The way Croyd gave it to me, Veronica thought guiltily. Then, in an instant, her brain flashed from her own infection to what she had learned about Jerry. About how he could change the way he looked. Change everything.
The woman was saying, "We have to find-" Veronica took a step backward. "Jerry? Is that you?" The woman broke off. "What?"
"It is you, isn't it? You bastard, how did you find me?"
"Your mother. I convinced her it was life and death."
"Change back. Change back now. I can't stand looking at you like this."
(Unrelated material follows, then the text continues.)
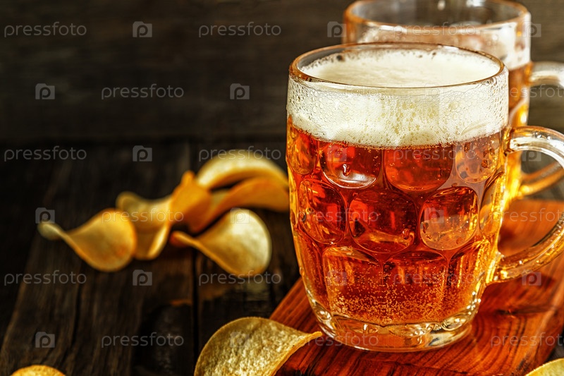 Холодное пиво в стакане с чипсами на темном фоне

"I haven't got anything else to wear. I'm not going to stand here as Jerry Strauss in a dress."
"Do something."
The woman's features melted and reformed. It was like a coat of facial mud washing off. Now Veronica was talking to the young Ingrid Bergman.
"Oh Christ," Veronica said. "Did my mother give you the dress, too?"
Ingrid nodded, blushing.
"What do you want from me? What am I supposed to do?"
"Help me find who's behind this. Whoever is creating these jumpers is responsible for my brother's death."
"Kenneth?"
"That's right. They killed him. Last fall. They killed Hannah, too. Doesn't that mean anything to you?" Veronica slapped her, then swung her purse at her head when she tried to cover up. "Don't you tell me what Hannah meant to me. You bastard! Get out of my life and stay out!" Suddenly she saw the women from the office, watching her out the window of Close Encounters. They'd seen everything, of course. Her life was in a shambles again.